Neuropathological correlates of amyloid PET imaging in Down syndrome

Abstract

Down syndrome (DS) results in an overproduction of amyloid-β (Aβ) peptide associated with early onset of Alzheimer's disease (AD). DS cases have Aβ deposits detectable histologically as young as 12-30 years of age, primarily in the form of diffuse plaques, the type of early amyloid pathology also seen at pre-clinical (i.e., pathological aging) and prodromal stages of sporadic late onset AD. In DS subjects aged >40 years, levels of cortical Aβ deposition are similar to those observed in late onset AD and in addition to diffuse plaques involve cored plaques associated with dystrophic neurites (neuritic plaques), which are of neuropathological diagnostic significance in AD. The purpose of this review is to summarize and discuss findings from amyloid PET imaging studies of DS in reference to postmortem amyloid-based neuropathology. PET neuroimaging applied to subjects with DS has the potential to (a) track the natural progression of brain pathology, including the earliest stages of amyloid accumulation, and (b) determine whether amyloid PET biomarkers predict the onset of dementia. In addition, the question that is still incompletely understood and relevant to both applications is the ability of amyloid PET to detect Aβ deposits in their earliest form.
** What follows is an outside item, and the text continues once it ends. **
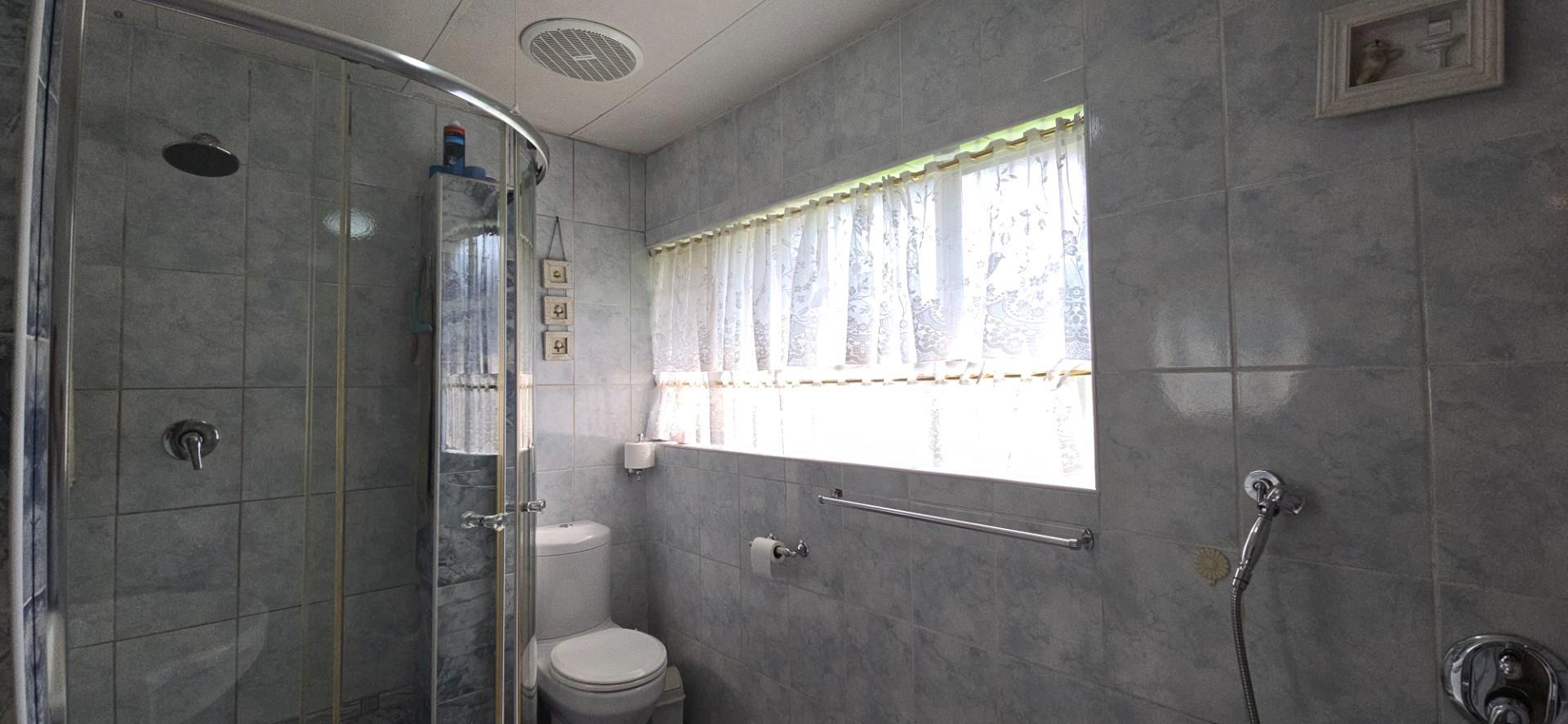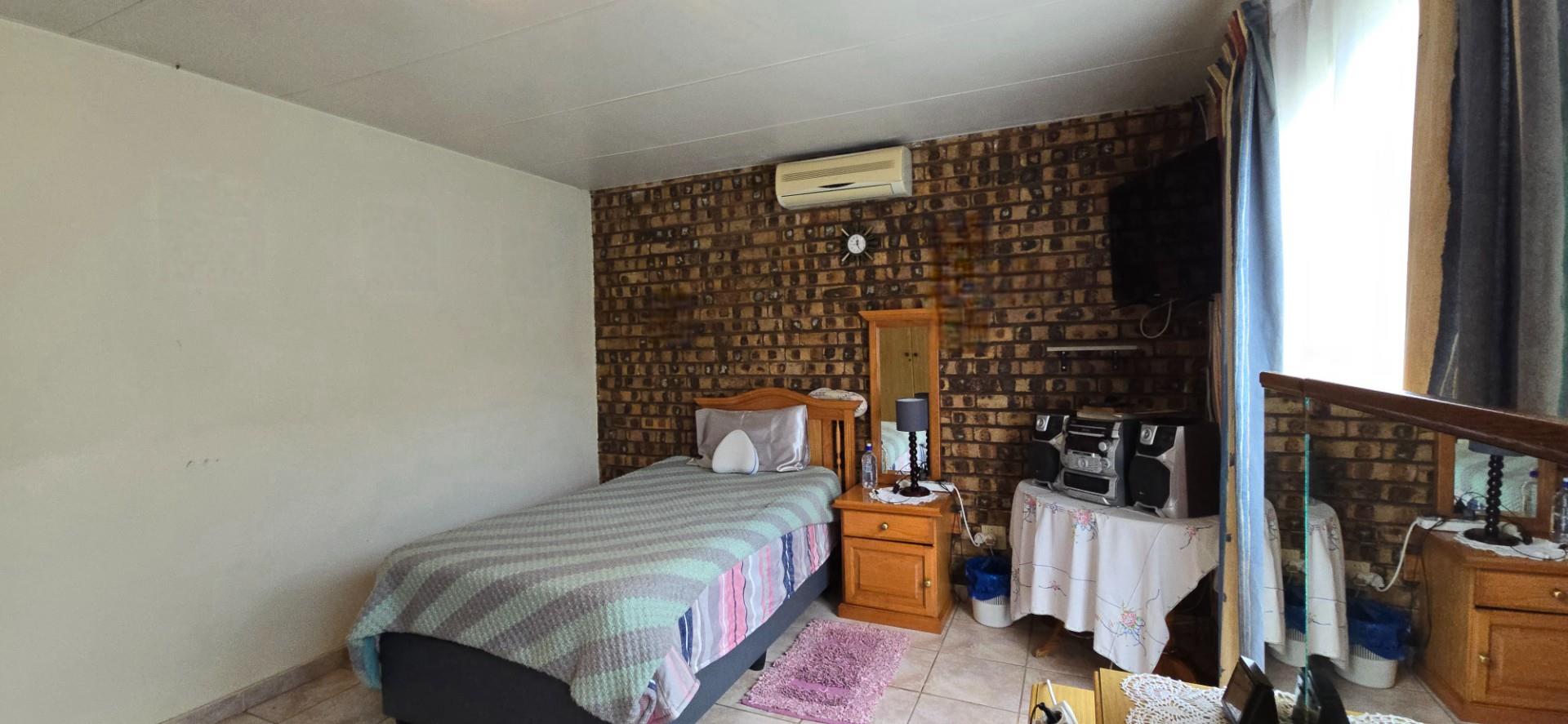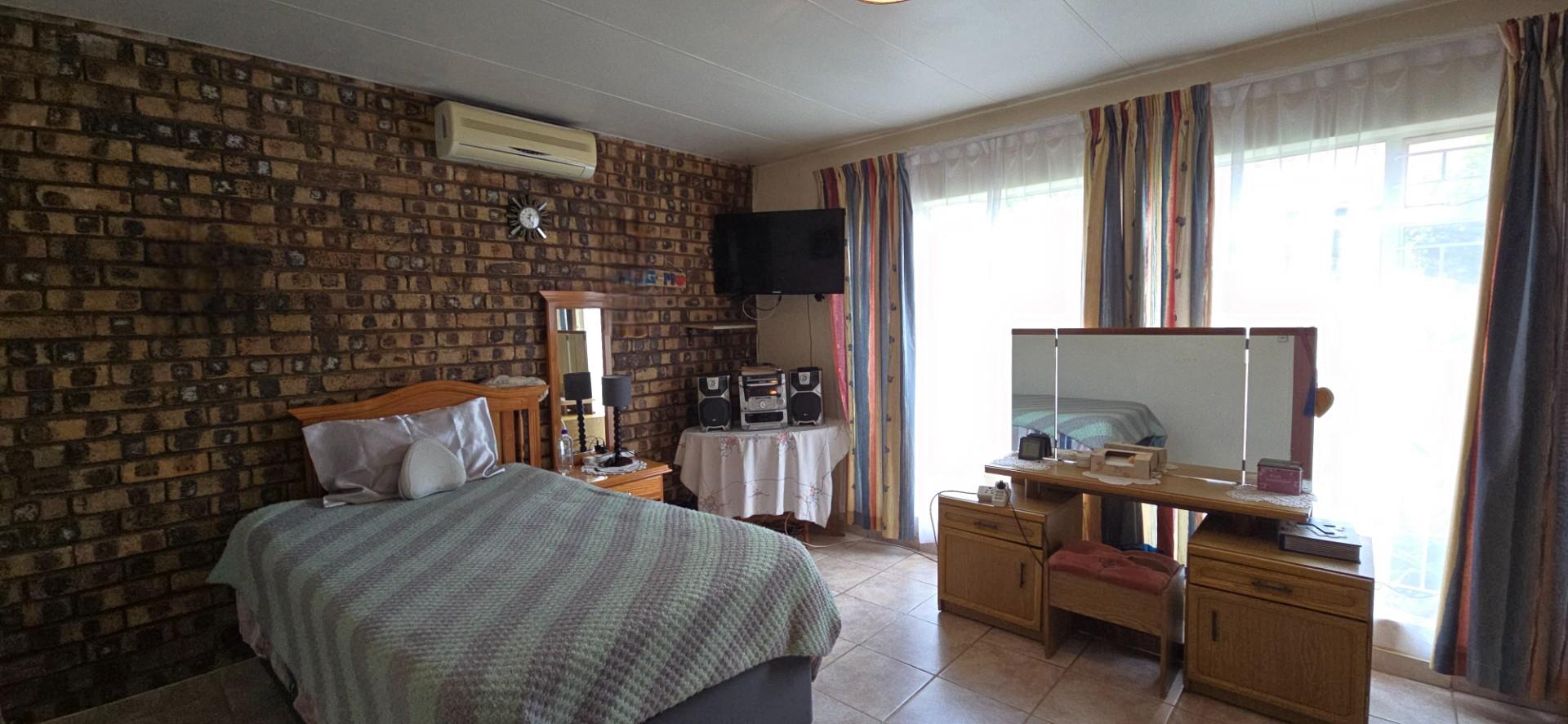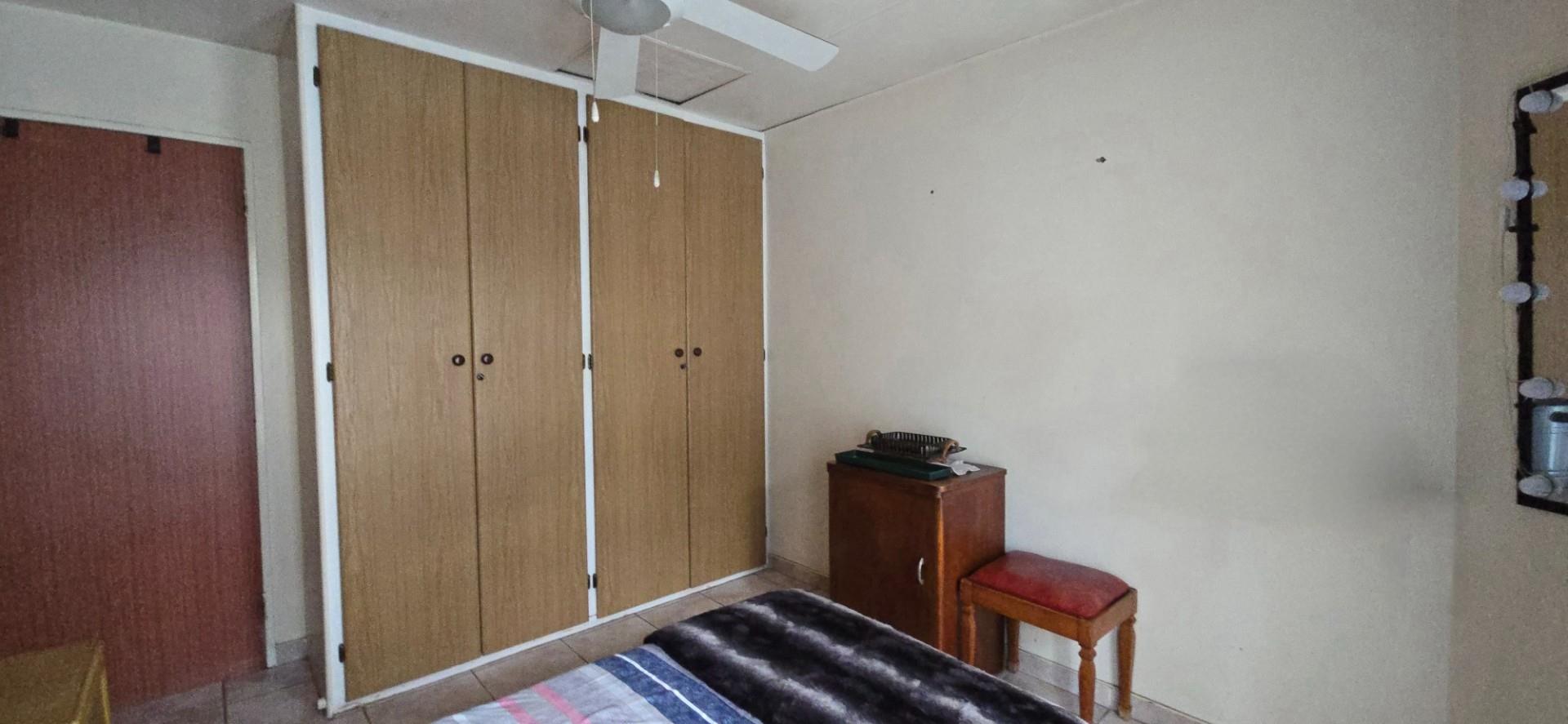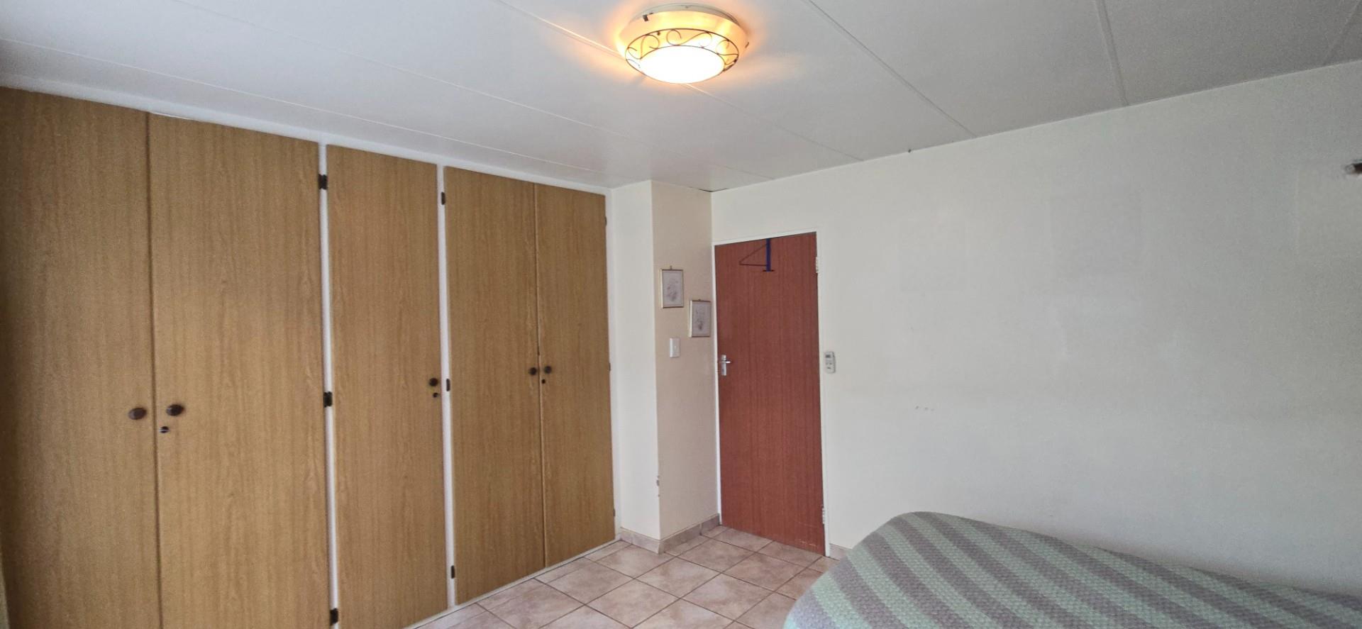 The home offers two well-sized bedrooms, both with full wall built-in cupboards. The main bedroom is air-conditioned, while the second bedroom is fitted with a ceiling fan. A linen cupboard in the passage provides additional storage.

Keywords: Alzheimer's disease; Down syndrome; amyloid; neuropathology; positron emission tomography; striatum.

Figure 1.

Heat map illustrating the regional progression of amyloid, tau, Lewy bodies, and TDP-43 pathology in subjects with DS aged 0–76 years. From Davidson et al., 2018.

Figure 2.

Pittsburgh compound B (PiB) standardized uptake value ratio (SUVR) images of subjects with DS showing different levels of ligand retention (the axial images are shown at the top and the sagittal images at the bottom). Left: Amyloid-negative 34 year-old DS subject showing only nonspecific PiB retention in white matter; Middle: Moderately amyloid-positive 38 year-old DS subject showing early striatal PiB retention; and Right: Heavily amyloid-positive 44 year-old DS subject which is very similar to those seen in late-onset AD, but with a predominant striatal signal. Adapted from Handen et al., 2012.

Figure 3.

Biochemical analyses of [H-3]PiB binding and concentration of formic acid-extracted (insoluble) 42 amino acid-long amyloid-β peptide (Aβ1–42) in the frontal cortex (BA10) from subjects with normal cognition (NC, age range 78–92 years) and Alzheimer’s disease (AD, age range 76–101 years) from the Rush Religious Order Study brain bank compared to adults with Down syndrome and AD (DS+AD, range 43–63 years) from the University of California Irvine brain bank. (A) [H-3]PiB binding differed between groups (F (2, 41) = 35.76, P < 0.0001; Tukey multiple comparisons, NC < AD, DS; AD < DS). (B) Concentration of insoluble Aβ1–42 differed between groups (F (2, 43) = 34.5, P < 0.0001; Tukey multiple comparisons, NCI < mild AD, mod/sev AD, DS; mild AD, mod/sev AD < DS). (C) Insoluble Aβ1–42 and [H-3]PiB binding correlated across groups by linear regression analysis (Y = 0.09746*X + 7.256, R square = 0.59, P < 0.0001). **0.01 < P<0.05; ***0.0001 < P< 0.001; ****P < 0.0001.

Figure 4.

Representative images of CN-PiB fluorescence in diffuse plaques in the striatum (A) and both diffuse and cored plaques as well as cerebral amyloid angiopathy in the frontal cortex of a 57-year old female with DS and confirmed AD pathology (B) from the University of California Irvine brain bank. Scale bar = 200 μm.

Figure 5.

CN-PiB positive plaque load (expressed as percent area coverage) analyzed separately for diffuse (A) and cored (B) plaques in the frontal cortex from cases with normal cognition (NC, age range 74–93 years) and Alzheimer’s disease (AD, age range 76–100 years) from the Rush Religious Order Study brain bank compared to adults with Down syndrome and AD (DS+AD, range 43–63 years) from the University of California Irvine brain bank. CN-PiB-labeled diffuse plaque load differed between groups (F (2, 39) = 17.36, P < 0.0001; Tukey multiple comparisons, AD > NC, DS+AD). CN-PiB-labeled load of cored plaques differed between groups (F (2, 39) = 26.54, P < 0.0001; Tukey multiple comparisons, NCI < AD, DS+AD; AD < DS+AD. *P < 0.05; ***0.0001 < P < 0.001; ****P < 0.0001.